7. The method of claim 6, wherein the transformation function is one of a log2 function, an inverse tangent transformation function, a square root transformation function, or an exponent power transformation function.
8. The method of claim 1, wherein the coefficients include a slope and an intercept.
9. The method of claim 1, wherein the signal curve includes count rates in at least five energy windows.
10. The method of claim 1, wherein the encoded data includes a predetermined number of bits.
11. The method of claim 1, wherein the encoded data includes a variable number of bits, wherein the variable number of bits depends on a predetermined error, and wherein the predetermined error is related to a difference between the signal curve and a decoded signal curve generated from the decoded data.
12. The method of claim 1, further including performing a borehole operation based on the determined at least one parameter of the downhole environment, wherein the borehole operation comprises one of a log generation or a change of an operational parameter.
13. The method of claim 1, wherein transmitting the encoded data includes transmitting less than 10 bits per second from the downhole environment to the surface environment.

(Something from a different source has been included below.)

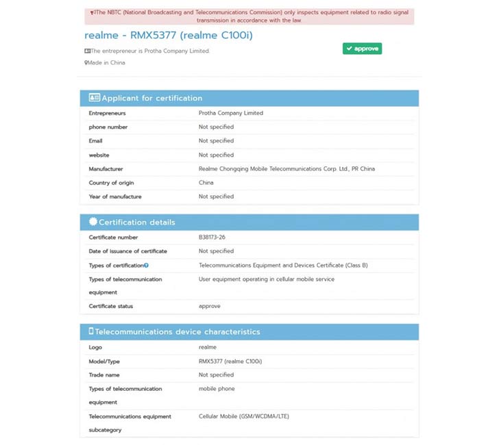We’ve covered pretty much everything the listings had about the Realme C100i. The regions we mentioned at the start, and Thailand, could be among the first places where the C100i is expected to launch. Thailand’s NBTC regulator has certified the phone.

14. The method of claim 1, wherein transmitting the encoded data includes one of mud pulse telemetry, acoustic telemetry, or electromagnetic telemetry.
15. The method of claim 1, wherein the fitting curve is a predetermined fitting curve and wherein the coefficients are stored in a memory in the downhole tool.
16. The method of claim 1, wherein receiving the signals from the downhole environment further characterized by: receiving first signals at a first borehole depth defining a first signal curve and receiving second signals at a second borehole depth defining a second signal curve, determining first coefficient of the fitting curve that fits the first signal curve and determining second coefficients of the fitting curve that fits the second signal curve.
17. A system (100; 600) for data handling in downhole operations, the system characterized by: a downhole tool (116; 620) to receive signals from a downhole environment within a borehole, the signals defining a signal curve; memory (604A) storing instructions; and a processor (604B) to execute the instructions from the memory to cause the system to: determine (554) coefficients of a fitting curve that fits the signal curve; determine (556) difference indicators representing differences between the signal curve and the fitting curve; encode (504; 558) the coefficients and the difference indicators to provide encoded data representing the signal curve; transmit (508; 562) the encoded data from the downhole environment to a surface environment outside the borehole; decode (564) at the surface environment the encoded data to provide decoded data; and determine (510; 566) at least one parameter of the downhole environment, based in part on the decoded data.
18. The system of claim 17, wherein the instructions, when executed by the processor, further cause the system to: subject the signal curve to a transformation function to provide a transformed signal curve; and determine the fitting curve based on the transformed signal curve.
19. The system of claim 17, wherein the instructions, when executed by the processor, further cause the system to: generate, as part of the decoding at the surface environment, a decoded signal curve using the decoded data; and performing an inverse modeling based on the decoded signal curve to determine the occurrence of at least one radioactive element in the downhole environment.
20. The system of claim 17, wherein the signal curve includes a plurality of count rates in a plurality of energy windows and the at least one parameter in the downhole environment includes an occurrence of at least one radioactive element in the downhole environment.